“We know that meeting the environmental crisis requires urgent action. But we’ve come to realize, sometimes painfully, that it’s easy to repeat the conceptual mistakes of ages past, and to overlook older wisdom. This book will help—help a lot!”—Ben McKibben, author of The End of Nature
Enlightening and valuable
“An enlightening and valuable survey of ecological
thought throughout the ages—massive in scope—that makes clear why
preservation of the earth is our only essential task.”—Kirkpatrick Sale,
author of Dwellers in the Land
Earthy and approachable
“For all its learning, this book is earthy
and approachable, and I think essential. No similar guide exists,
no ecologist can fail to deepen the roots of her understanding...”—Walter
Schwarz, The Guardian
An extraordinary book of great learning and intellectual insight
“Nature’s Web will do much to reconnect
us to our roots and help us develop a rather more convincing ethical
foundation to the initiatives we are involved in.

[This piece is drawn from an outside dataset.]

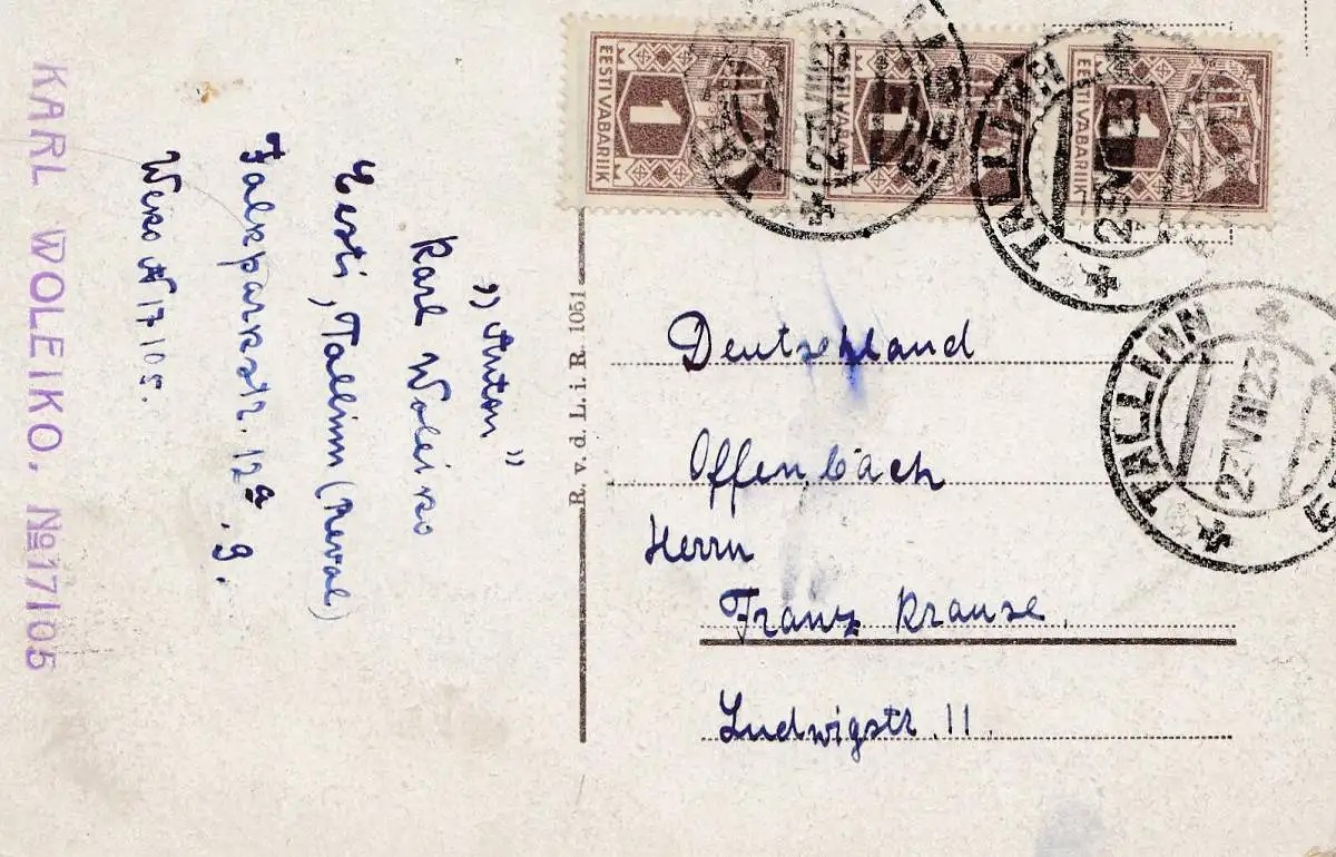 Estonie: carte de vision Tallinn en Allemagne en 1923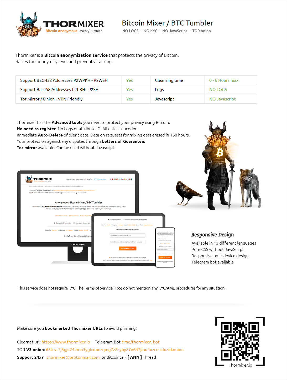Title: [ANN] [banned mixer] - Bitcoin Mixer | BTC Tumbler | Anonymous | NO LOGS | NO JS Post by: Thormixer on July 03, 2023, 02:12:17 PM [banned mixer] BTC mixer • /] Clearnet (https://www.[banned mixer) • /] TOR (http://[banned mixer) • Telegram Bot (https://t.me/thormixer_bot) • Discussion in ➔ English (https://bitcointalk.org/index.php?topic=5458437) | Pyccкий (https://bitcointalk.org/index.php?board=10.0) | Deutsch (https://bitcointalk.org/index.php?board=16.0) | Français (https://bitcointalk.org/index.php?board=13.0) | Română (https://bitcointalk.org/index.php?board=108.0) | 日本語 (https://bitcointalk.org/index.php?board=252.0) | 한국어 (https://bitcointalk.org/index.php?board=82.0) | 中文 (https://bitcointalk.org/index.php?board=30.0) | عربي (https://bitcointalk.org/index.php?board=241.0) /]https://i.postimg.cc/p2c19WVY/bitcoin-mixer.jpg (https://www.[banned mixer) During challenging periods such as these, where even the tiniest online stores or digital currency platforms monitor each of your transactions, it's crucial to prioritize privacy. After all, safeguarding privacy is an inherent entitlement of every individual and should not be overlooked. Given the nature of the blockchain network, it is possible for almost anyone to trace the flow of your funds or even access the overall balance of your wallet. We perceive this as an intolerable breach of privacy, prompting us to develop [banned mixer] as a solution to tackle this concern. With www.[banned mixer] you can safely mix your bitcoins with lowest possible fee and maximum privacy. Clearnet: https://www.[banned mixer] Tor Mirror: http://[banned mixer] What is [banned mixer]? [banned mixer] is a Bitcoin Mixer / BTC Tumbler. Our transfer algorithm selects independent investors and trading platforms, and breaks down your funds in a manner that completely removes a link between input and output transactions. We neither require registration nor store logs. Once the mixing is done and transaction confirmed, the data on processed transactions is deleted. For each mixing request, we issue a digitally signed letter of guarantee, which confirms our obligations to the client. While mixing BTC, [banned mixer] does not shuffle available funds in one or multiple pots, but exchanges incoming bitcoins with coins purchased from investors / cryptocurrency platforms. Can I trust you with my Bitcoins? All users are protected by the platform against accidental errors or deliberate actions, we take protective measures against errors and malicious acts. For every incoming order, we provide a PGP-signed letter of guarantee that confirms the obligations we assume. To check a letter of guarantee, install a PGP client (for example, PGP4Win (https://www.gpg4win.org/download.html)), import [banned mixer] public key and verify a digital signature. How does [banned mixer] guarantee my anonymity? Thormixer do not collect logs or private information. We assure you that we strictly adhere to a no-logs policy and refrain from storing any personal information. Furthermore, our team operates anonymously. The main principle of the platform operation is the provision of funds to end customers from a hundred different investors from various stock exchanges. All info about an order is deleted upon its completion (or when the offer expires). The only remaining trace of our work are the letters of guarantee we give you. Thormixer works without JavaScript. To increase the level of anonymity, you can use the Tor version. How long do addresses for funds transfer remain valid? They remain valid for 7 days. This period is sufficient to address any network issues, delays and human errors that may occur, thus guaranteeing safety of customer's assets. Anyway, in all cases an address lifetime for every request is captured in a letter of guarantee provided by [banned mixer]. How long does it take to cleanse Bitcoins? The process starts after the first confirmation of your incoming transfer and takes up to 6 hours. The exact delay is chosen randomly in order to resist deanonymization attempts. We have found that a random delay of up to 6 hours is enough to eliminate the risk of volume analysis. Find answers to all additional questions in FAQ section - https://www.[banned mixer]/#FAQ NO LOGS - Our service has a zero-logs policy, we don’t store any users personal info. NO JavaScript - Thormixer works without JavaScript. No JavaScript = No Problems. NO Analytics - We don't use Google Analytics or search console. Tor Mirror / Onion - To increase the level of anonymity, use the Tor version (http://amwnnncglaw27kfomeiszq4eltwkktnkdzjg6kbtjwb2w3zgysatjead.onion). Bech32 (P2WPKH - P2WSH) Support all types of bitcoin addresses except Taproot (P2TR). Base58 (P2PKH - P2SH) Support all types of Btc addresses except Taproot (P2TR). Full Responsive – Desktop, Smartphone and Tablet Friendly. Make sure you bookmarked our URLs to avoid phishing: Clearnet: https://www.[banned mixer] Tor Mirror: http://[banned mixer] Support 24x7: support@[banned mixer], thormixer@protonmail.com, Profil Message (https://bitcointalk.org/index.php?action=pm;sa=send;u=3559560) or Ann Thread (https://bitcointalk.org/index.php?topic=5458437.msg62497689#msg62497689) Title: Re: [ANN] [banned mixer] - Bitcoin Mixer | BTC Tumbler | Anonymous | NO LOGS | NO JS Post by: Thormixer on July 03, 2023, 02:35:31 PM Reserved for updates

It’s an extraordinary
book, of great learning and intellectual insight...written at a cracking
pace to cover the whole gamut of the history of ideas.”—Jonathon Porritt,
Resurgence
Clearly written and highly documented
“An important contribution to the development
of a new ecological world view.... This clearly written and highly
documented encyclopedic work...deserves to be a standard work.”—Edward
Goldsmith, The Ecologist
Powerful and intellectual
This powerful book provides the
first comprehensive overview of the intellectual roots of the worldwide
environmental movement—from ancient religions and philosophies to modern
science and ethics—and synthesizes them into a new philosophy of nature
in which to ground our moral values and social action. It traces the origins
and evolution of the dominant worldview that has built our industrial,
technocratic, man-centered civilization, and brought us to the current
ecological crisis.
At the same time, it uncovers an alternative
cultural tradition in the world’s different religions and philosophies
and describes how these ideas are now surfacing and coalescing to form
an ecological sensibility and a new vision of nature which recognizes the
inter-relatedness of all living things.
Finally, this book integrates
these varied traditions with modem physics and the science of ecology into
a larger philosophical whole that provides the environmental movement with
a comprehensive vision of an organic and sustainable society in harmony
with nature.
As ecological disasters
continue to threaten our planet, becoming worse with every passing moment
of indifference, it has become clear that we must take action. We must
change our relationship with nature, and return to the days when our lives
were intimately connected to and dependent upon the natural world. Nature’s
Web lays the foundations for that change by explaining where our complex
ideas about nature come from, why they are wrong, and what we can do to
change them.
Edward Goldsmith of The
Ecologist writes that Nature’s Web is an “important contribution
to the development of a new ecological worldview . . . [that] deserves
to be a standard work.” Bill McKibben affirms that “This book will help
- help a lot.”
PETER MARSHALL has a doctorate in the History of Ideas and has taught philosophy and literature at several British universities. His previous books include William Goodwin, Journey Through Tanzania, Into Cuba, Cuba Libre: Breaking the Chains?, William Blake: Visionary Anarchist, and Demanding the Impossible: A History of Anarchism. He lives in Gwynned, Wales.